_Provided material_
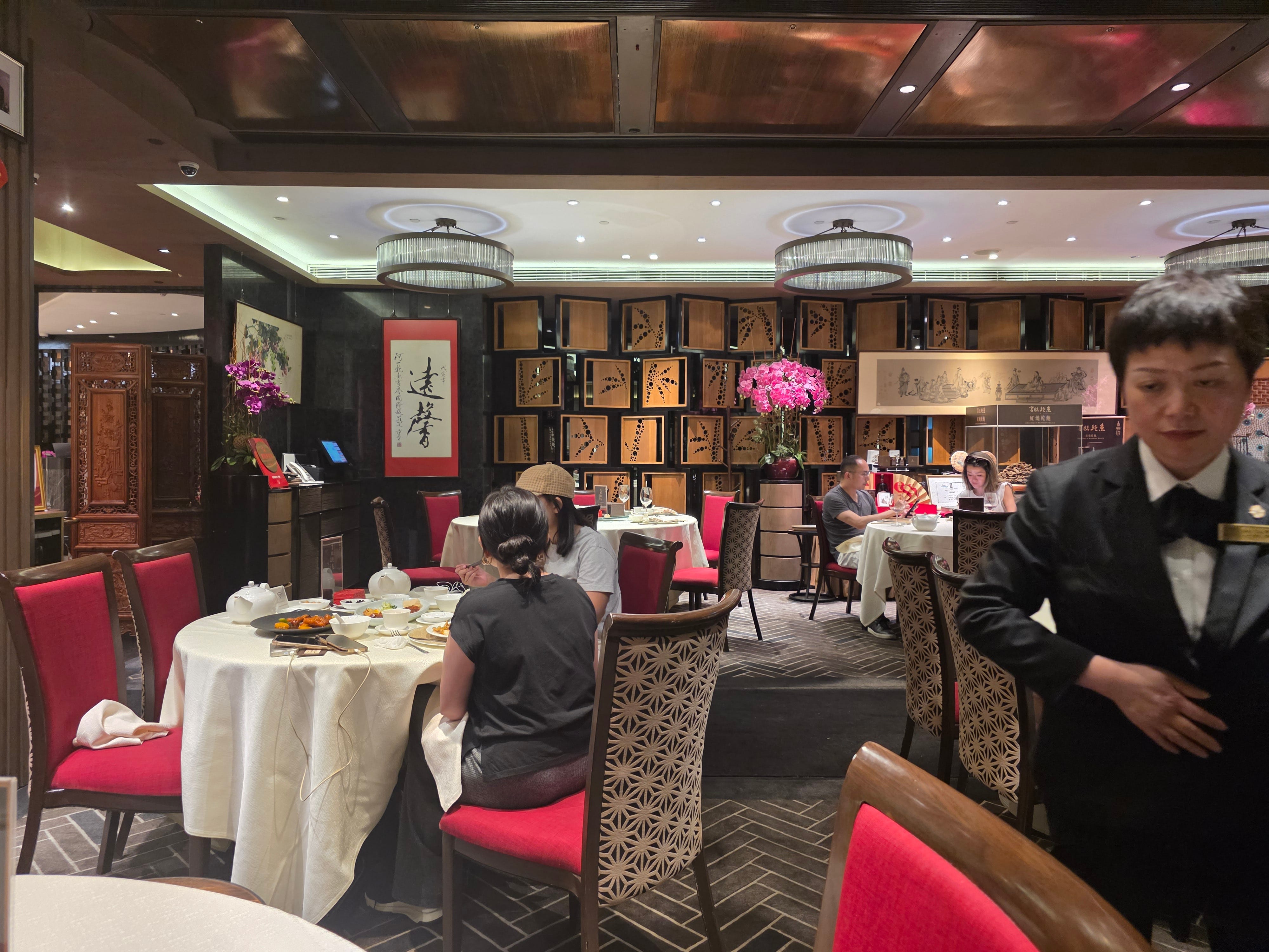 The room itself feels exactly as an old guard Cantonese dining room probably should. Slightly dated Chinese décor, polished surfaces, red accents, dark wood screens, chandeliers, porcelain vases, and the sort of understated formality that now feels increasingly rare in Hong Kong. It is not fashionable in the contemporary sense. It does not need to be. The whole place feels like a preserved piece of another era, more banquet hall than tasting-menu theatre.
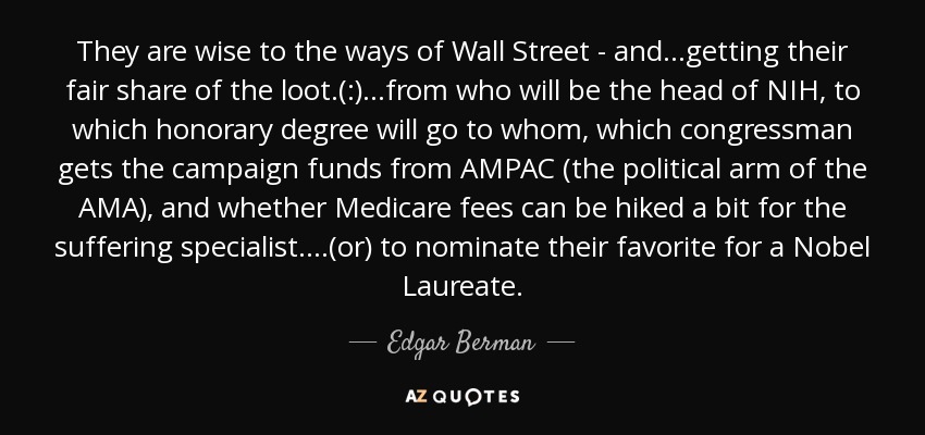 They are wise to the ways of Wall Street - and...getting their fair share of the loot.(:)...from who will be the head of NIH, to which honorary degree will go to whom, which congressman gets the campaign funds from AMPAC (the political arm of the AMA), and whether Medicare fees can be hiked a bit for the suffering specialist. ...(or) to nominate their favorite for a Nobel Laureate.
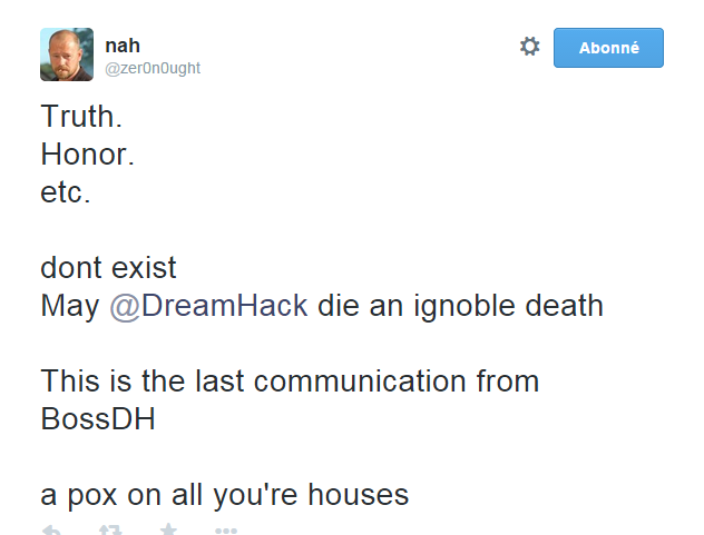 L'affaire qui a éclaté au grand jour aujourd'hui va faire beaucoup de bruit. Robert Ohlen, démis de ses fonctions à un mois de la DreamHack Winter 2014, n'a pas été tendre dans ses différents tweets dont celui-ci en particulier :
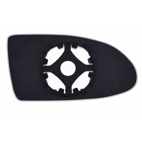 Змінний елемент автодзеркала асферичної форми, яка встановлюється в корпус дзеркала. Завдяки спеціальній випуклій геометрії поверхні водій отримує розширений кут огляду та ефективний контроль за ситуацією на дорозі в сліпих зонах. На світлині елемент дзеркала зі зворотної сторони.
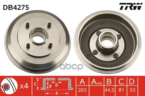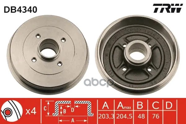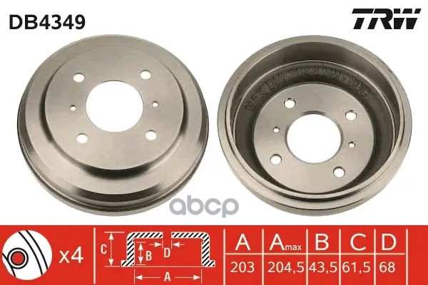 Торм. барабан зад [203.2x40.6] 4 отв. HYUNDAI Accent 1,4-1,6/GL/GLS/CRDi 11/05->/ i20 1,2 09/08->.KIA Rio II 1,4-1,6/CRDi 03/05->
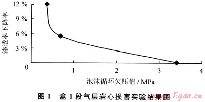 圖1給出了盒1段氣層巖心損害實(shí)驗(yàn)結(jié)果,從圖1中可以確定出盒1段氣層欠平衡水平井的最佳欠壓值為3.4MPa,即在盒1段氣層實(shí)施欠平衡水平井的循環(huán)介質(zhì)當(dāng)量循環(huán)密度需小于0.76g/cm3,滿足該條件的循環(huán)介質(zhì)只有氮?dú)夂偷獨(dú)馀菽?,但考慮到鉆井時(shí)產(chǎn)生的振動(dòng)影響、電磁隨鉆測(cè)量系統(tǒng)的可靠性要求以及鉆頭的冷卻問(wèn)題,決定選用可循環(huán)氮?dú)馀菽鳛檠h(huán)介質(zhì),其當(dāng)量循環(huán)密度為0.2~0.5g/cm3,滿足了施工要求。
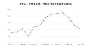 2025年2月,速派销量为412辆,同比增长31.63%,环比下降21.67%。2024年02月-2025年02月份,速派销量为7299辆,同比增长130.33%。
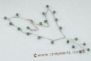 Festive and cheery,This 16inch Y style pearl necklace features a 5-6mm green potato pearls pendant in tree pattern, combine with plated silver rolo chain and lobster clasp with 2inch extender! will look smashing with any look you wear! Also available in sterling silver chain; Also buy: Single strand necklaces or Mother's jewelry or Jewelry packing box
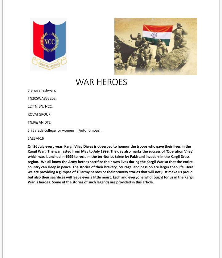 S.Bhuvaneshwari, TN20SWA833202, 12(TN)BN, NCC, KOVAI GROUP, TN,P& AN DTE Sri Sarada college for women (Autonomous), SALEM-16
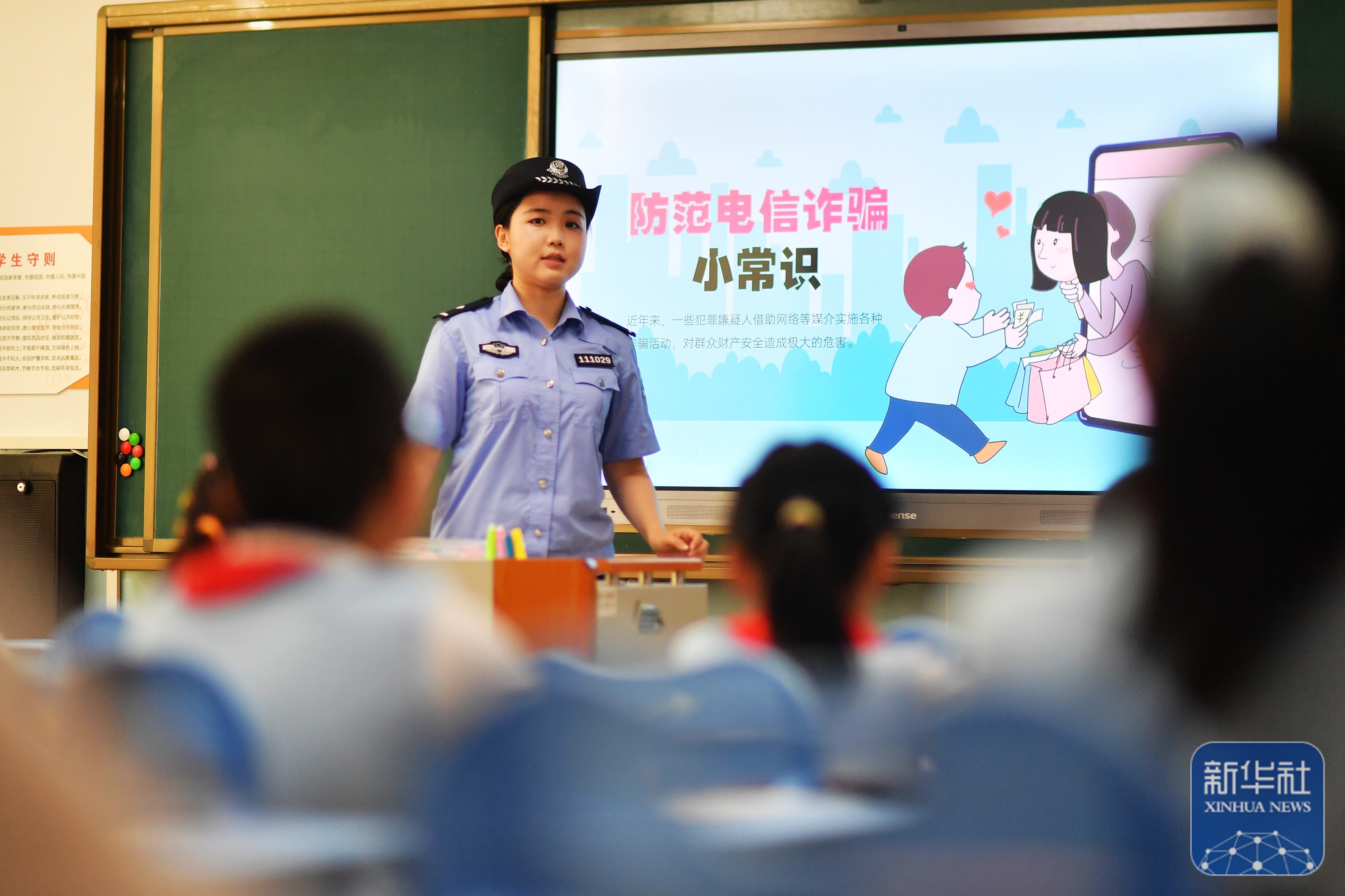9月15日,在山东省荣成市府新小学教室内,辖区民警通过案例讲解为学生们普及网络安全和防诈骗知识。新华社发(李信君摄)
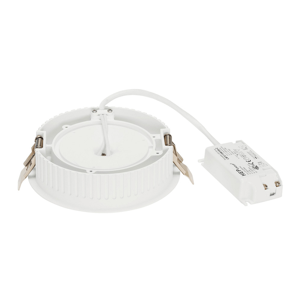 De inbouw plafondlamp heeft een totale diameter van 14 cm en een inbouwdiepte van 3,7 cm. Het zichtbare gedeelte heeft een diameter van 14 cm en een hoogte van 0,1 cm. Het licht heeft een stralingshoek van 120° en een beschermingsklasse van IP20. Het wordt geleverd met een driver en klemmen en kan worden gedimd met een fase-dimmer.
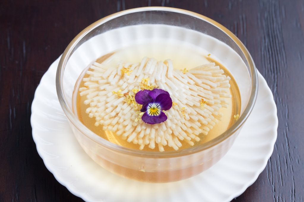 取名龍麵館,顧名思義,館子以歷史悠久的麵條為主打。設有專人於廚房裏不停打麵,打的是柔韌度高的蘭州拉麵。像推薦的龍肉拉麵,湯頭以龍蝦殼和蝦膏伴上湯熬煮五小時,湯濃味鮮,啖啖精華,配上波士頓龍蝦肉,味道非凡。意念創新的還有龍蝦蘿蔔酥,蘿蔔酥不見蘿蔔,原來另有乾坤。說是蘿蔔酥,其實取的是形態,廚師以本地「青龍」做餡,起出龍蝦肉,混入馬蹄和芫荽焗製成酥餅,橙白酥皮相間,手工精巧。
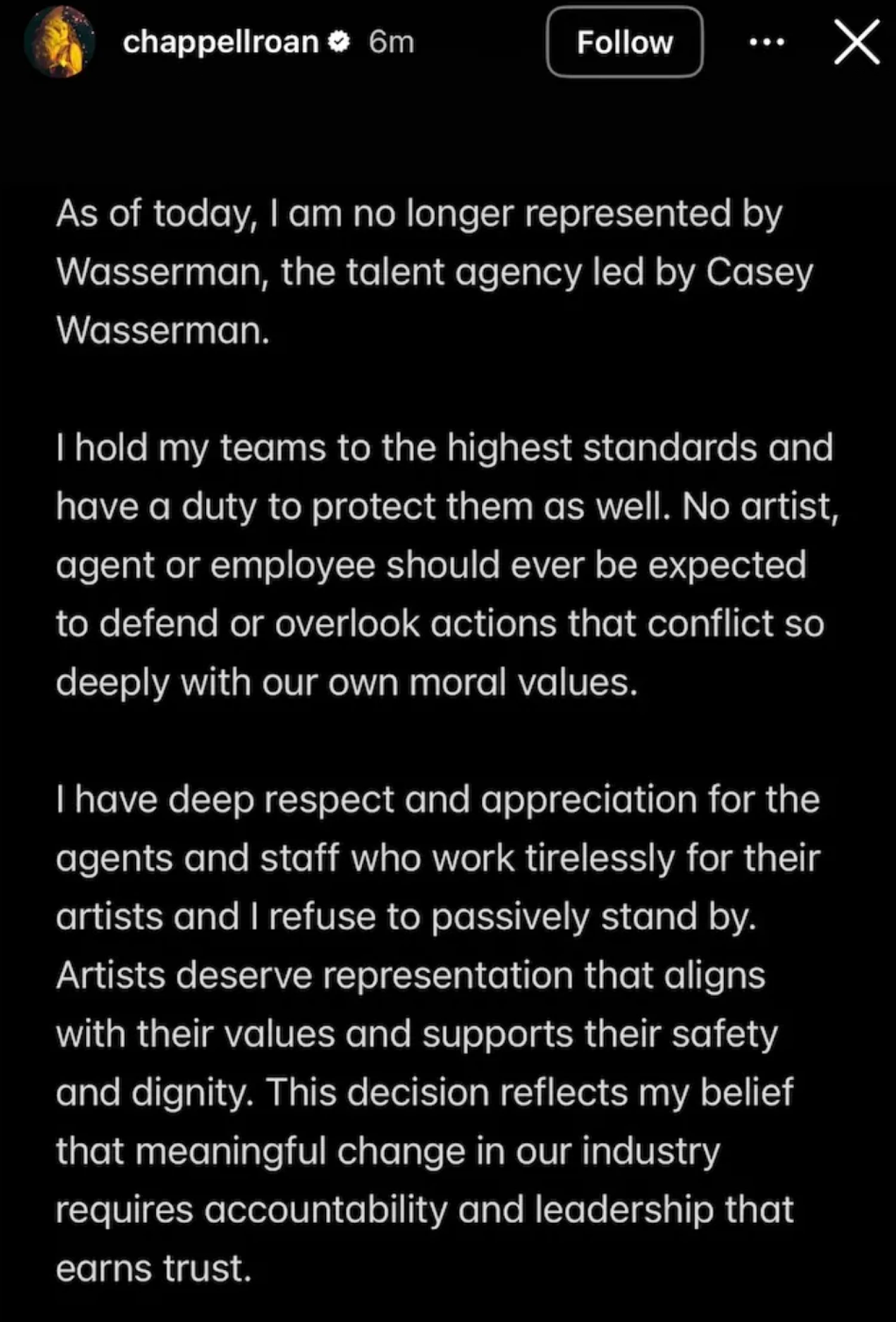 Поп-певица Чаппелл Роан объявила о разрыве отношений с музыкальным агентством Кейси Вассермана. Причиной стала публикация переписки, в которой Вассерман общался с финансистом Джеффри Эпштейном и его бывшей помощницей Гислен Максвелл.
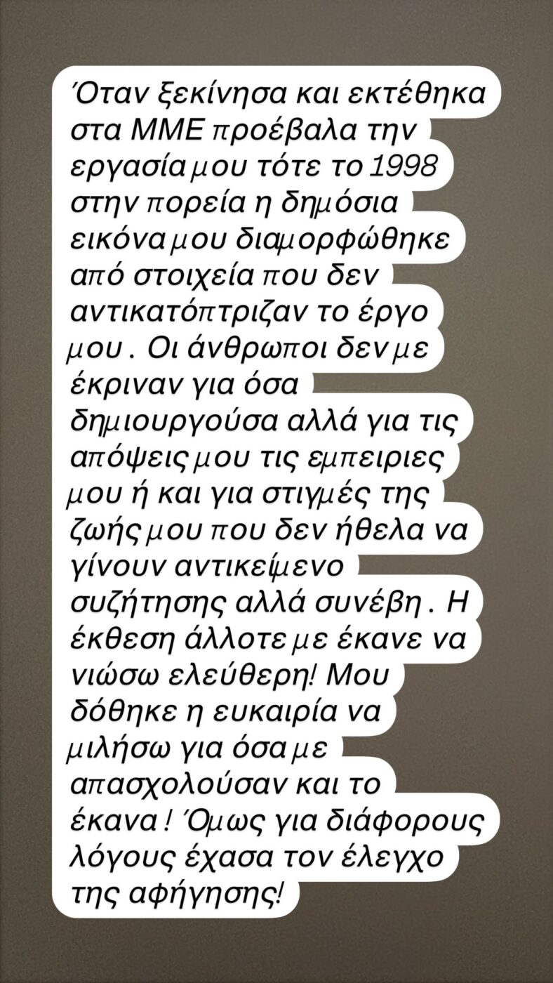 Σχεδόν 40 ημέρες μετά τον θάνατο του Αλέξη Κούγια, η Εύη Βατίδου δημοσίευσε ένα μακροσκελές μήνυμα στον προσωπικό της λογαριασμό στο Instagram, σχετικά με τη δημόσια εικόνα της όταν ξεκίνησε την καριέρα της και σήμερα, μετά τον γάμο και το διαζύγιο της.
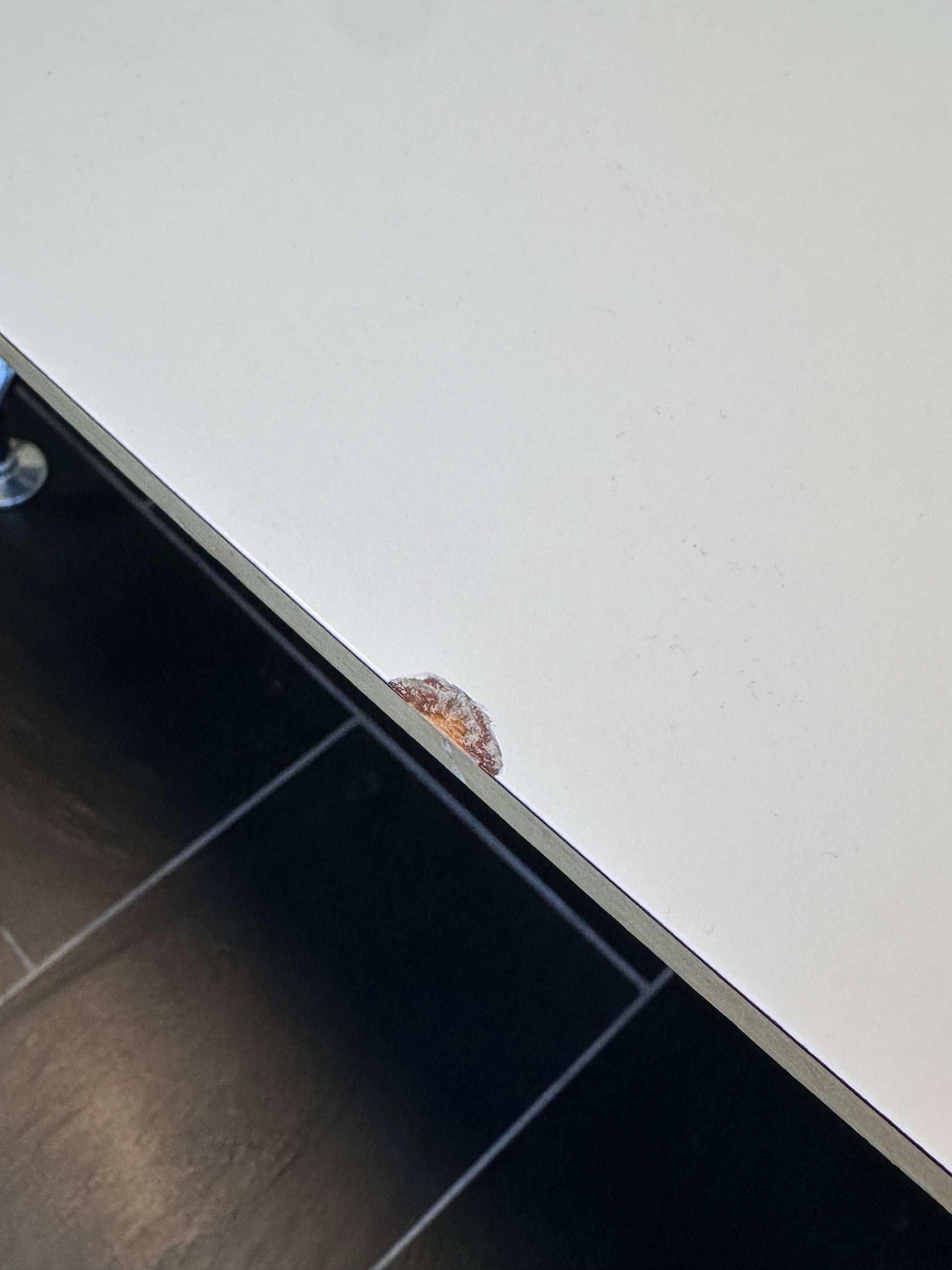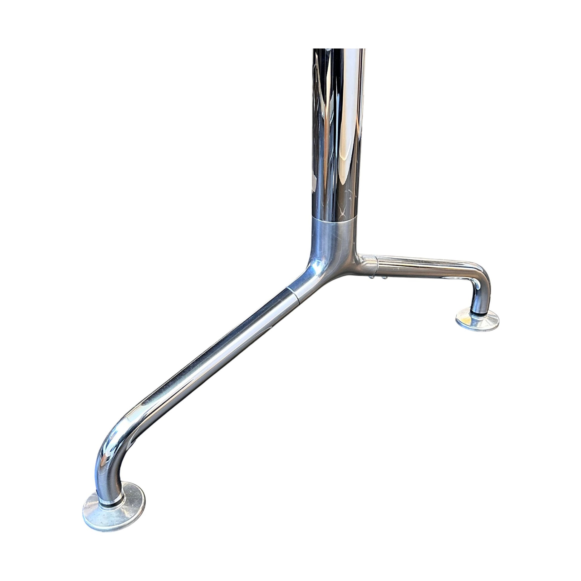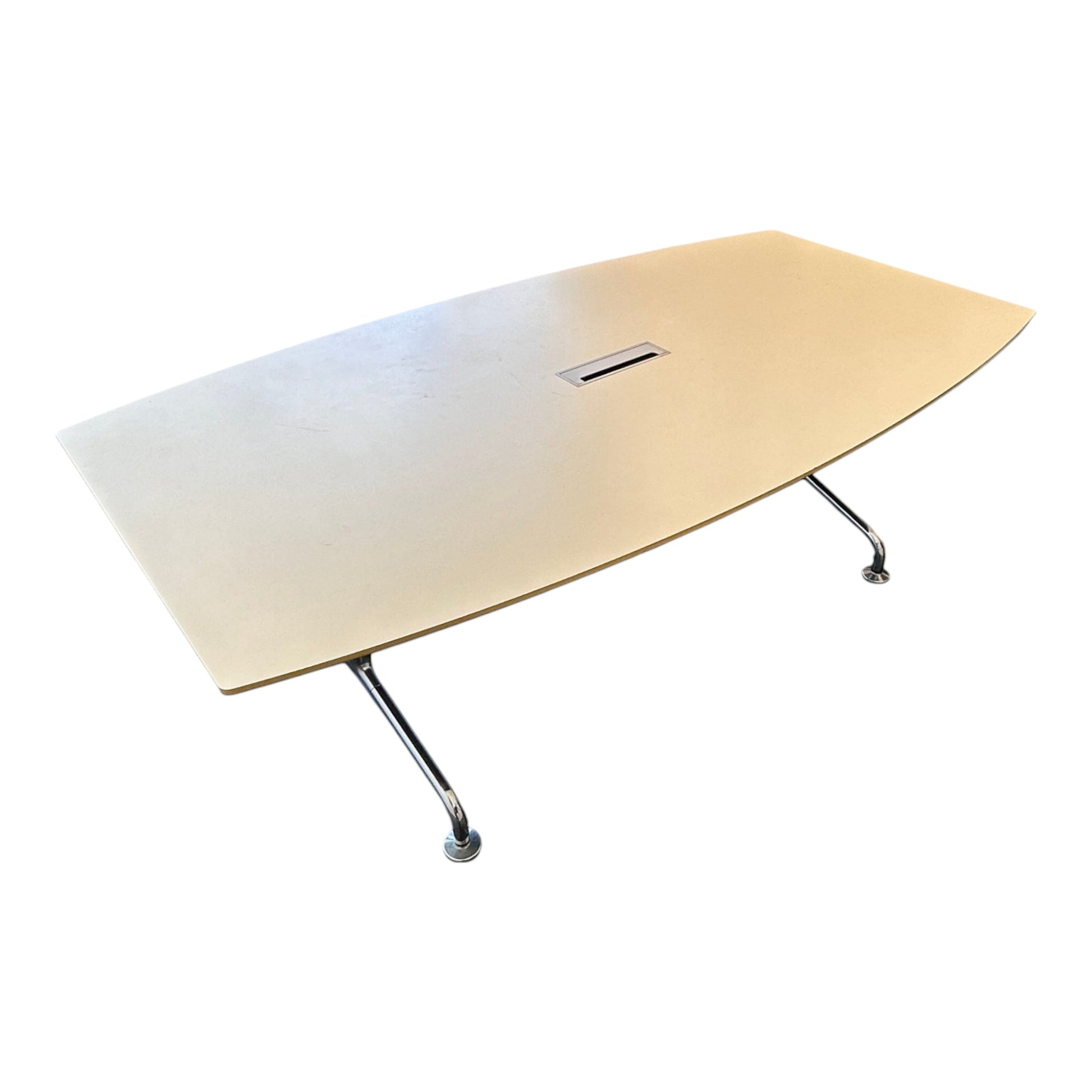 Bordet har noen merker i bordplaten, samt et markant hakk langs den ene kanten, men er fortsatt fullt funksjonelt og egner seg godt til møter og kontorbruk.

_Work task_
At the line containing "Поп-певица Чаппелл Роан", begin reproducing the entries word for word, and continue through their last line. Leave out the pictures.

_Task output_
 Поп-певица Чаппелл Роан объявила о разрыве отношений с музыкальным агентством Кейси Вассермана. Причиной стала публикация переписки, в которой Вассерман общался с финансистом Джеффри Эпштейном и его бывшей помощницей Гислен Максвелл.
 Σχεδόν 40 ημέρες μετά τον θάνατο του Αλέξη Κούγια, η Εύη Βατίδου δημοσίευσε ένα μακροσκελές μήνυμα στον προσωπικό της λογαριασμό στο Instagram, σχετικά με τη δημόσια εικόνα της όταν ξεκίνησε την καριέρα της και σήμερα, μετά τον γάμο και το διαζύγιο της.
 Bordet har noen merker i bordplaten, samt et markant hakk langs den ene kanten, men er fortsatt fullt funksjonelt og egner seg godt til møter og kontorbruk.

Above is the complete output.